Все из книг узнал и все воочию видел Герасим, обо всем горячий искатель истины сто раз передумал, а правой спасительной веры так-таки и не нашел. Везде заблужденье, всюду антихрист… И запала ему на душу тяжелая дума: «Нет, видно, больше истинной веры, все, видно, растлено прелестью врага Божия. Покинул свой мир Господь вседержитель, предал его во власть сатаны…» И в душевном отчаянье, в злобе и ненависти покинул он странство…

И к людям, и к себе самому та злоба была. Отчего ж вдруг напала она на Герасима?.. Не задавался он этим вопросом да никогда бы ответа на него не придумал. Жил доселе одним умом, сердце у него молчало, никогда не бывало у Герасима никаких привязанностей. Он искал истины ради удовлетворения пытливости ума, но любви и добра, исходящих от сердца, не искал, даже никогда и не думал о них. Это был сухой аскет, все человеческое было ему чуждо, никогда любовь не озаряла его загрубевшего сердца, оттого злоба и свила в нем гнездо свое.

 

Воротился на родину. Не пешеходом с котомкой за плечами он домой воротился – три подводы с добром в Сосновку привел. Всем было то видимо, а про то, что Герасим был опоясан чéресом[254] и что на гайтане вместе с тельником[255] висел у него на шее туго набитый бумажник, того никто не видел. Много ли зашито серебра и золота в чéресе, много ль ценных бумаг положено в бумажнике, про то знал да ведал один лишь Герасим. И после никто никогда о том не узнал.

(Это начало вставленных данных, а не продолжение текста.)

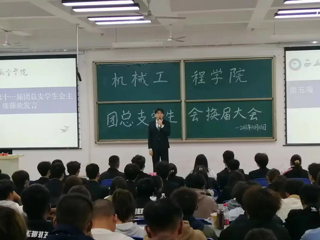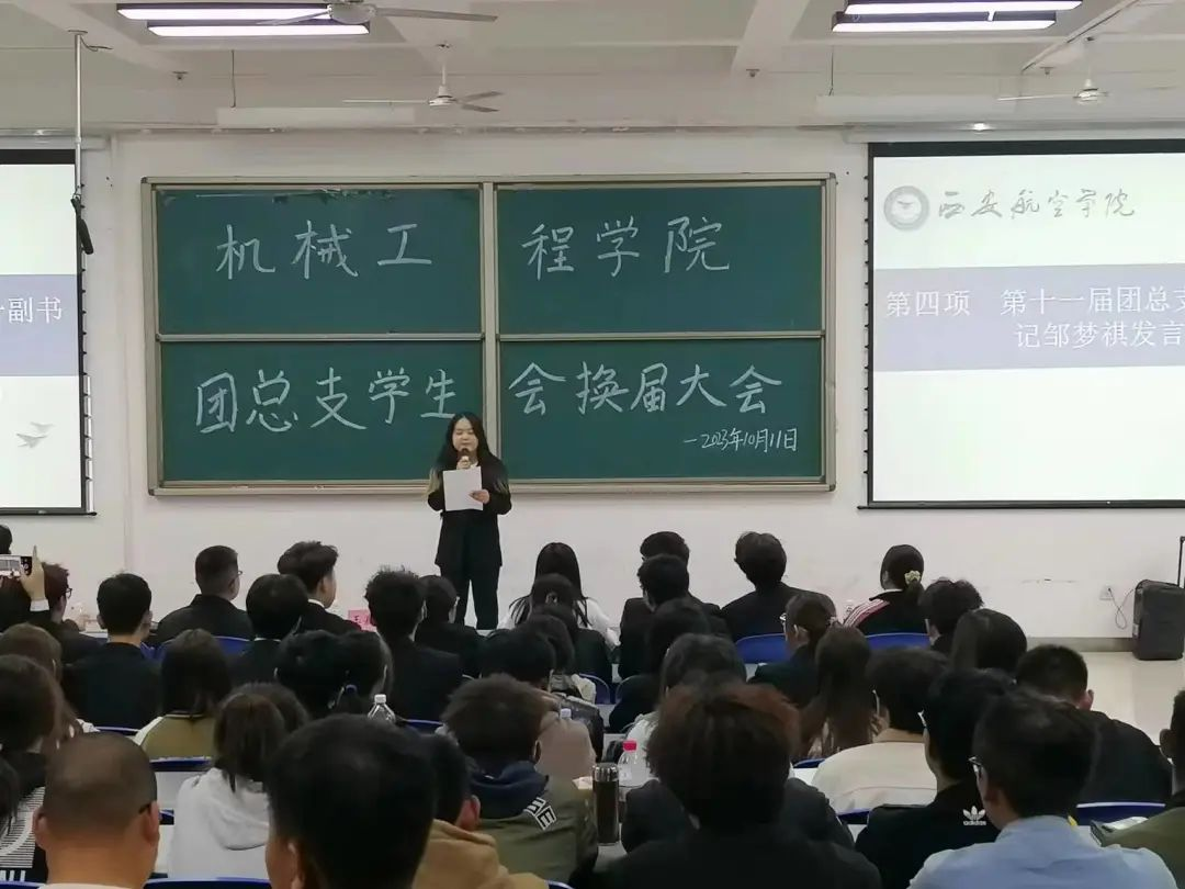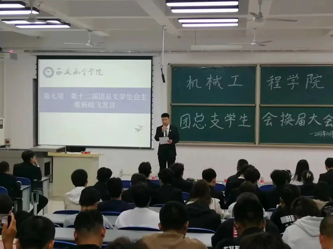 第十二届团总支员工会主席杨晗飞为新生提出要求,并对老师表示感谢,相信在未来的日子里,团总支员工会会因为每一个人的努力而变得更加美丽,更加值得同学们信赖。

Воротясь в Сосновку, тщетный искатель истины по-прежнему стал называться Герасимом Силиным Чубаловым, а до того, меняя имена при каждом новом перекрещиванье, бывал он и Никифором, и Прокопием, и Савельем, и Никитою, Иринархом и Мефодием. Оттого прежние друзья единоверные, теперь возненавидевшие его за отступничество, называли его «десятиверным» да «семиименным». До Сосновки об этом слухов не дошло.

Глава тринадцатая

Когда Герасим разошелся с последователями «Петрова крещения» и решился прекратить напрасные искания правой веры, захотелось ему возвратиться в покинутый мир. Легко было подумать «возвратиться», а каково сделать?.. Куда идти, где поселиться, к какому обществу приписаться пятнадцать лет пропадавшему без вести? Звался он где Прокофьем, где Савельем, проживал либо с чужими, либо с фальшивыми паспортами, проживал и вовсе без них, а иногда и с паспортом «из града Бога вышнего, из сионской полиции» {5}. Куда явишься с такими письменными видами?.. А ему хотелось покинуть скитальческую жизнь со всеми ее опасностями и лишеньями, жить в тишине и покое, занимаясь каким-нибудь делом. Денег успел он накопить довольно, да опричь было у него другое богатство очень ценное: до тысячи книг старопечатных и старописьменных, собранных во время странствий от Поморья до Кавказа и от беспоповских селений в Пруссии до отдаленных мест Сибири. Думалось Чубалову в купцы где-нибудь приписаться и заняться торговлей старинными книгами, иконами и другой старинной утварью церковной и обиходной, сделаться «старинщиком». Знавал он немало таких, и ему всегда по душе приходились их занятия. Поиски за старинными вещами, необходимые для старинщика, были для него делом не столь трудным, как другому. Он знал, чего где искать. Не поедет он, как иной неумелый, на авось да наобум, деньги и время даром терять. Погоня за стариной по глухим захолустьям своего рода странство, а к нему Герасим Чубалов очень приобвык, и оно ему, непоседе, очень нравилось. Таков уж сроду был: на одном месте не сиделось, переходить бы все с места на место, жить бы в незнакомых дотоль городах и селеньях, встречаться с новыми людьми, заводить новые знакомства и, как только где прискучит, на новые места к новым людям идти.

* * *

Было время, когда наши предки, мощной рукой Петра Великого выдвинутые из московского застоя в жизнь западную, быстро ее усвоили, не разбирая дурного от хорошего, пригодного русскому человеку от непригодного. Напудренное и щеголявшее в расшитых золотом французских кафтанах поколение ничем не походило на бородатых отцов и дедов. С детским увлечением опрометью кинулось оно в омут новой жизни и стало презрительно глядеть на все прежнее, на все старинное, дедовское. С легкомыслием дикаря, меняющего золотые слитки на стеклянные бусы, напудренные щеголихи опрастывали дедовские кладовые, где в продолжение не одного столетия накоплялось много всякой всячины. И все продавали за бесценок, отдавали почти задаром, обзавестись бы только поскорей на вырученные деньги игрушками новой роскоши. Старинные братины, яндовы, стопы и кубки, жалованные прежними царями ковши и чары с пелюстками, чу́мы, росольники, передачи и кро́шни, сулеи и фляги, жбаны и четвертины {6} безжалостно продавались в лом на переплав. На придачу иногда шли туда же и ризы, и оклады с родительских икон…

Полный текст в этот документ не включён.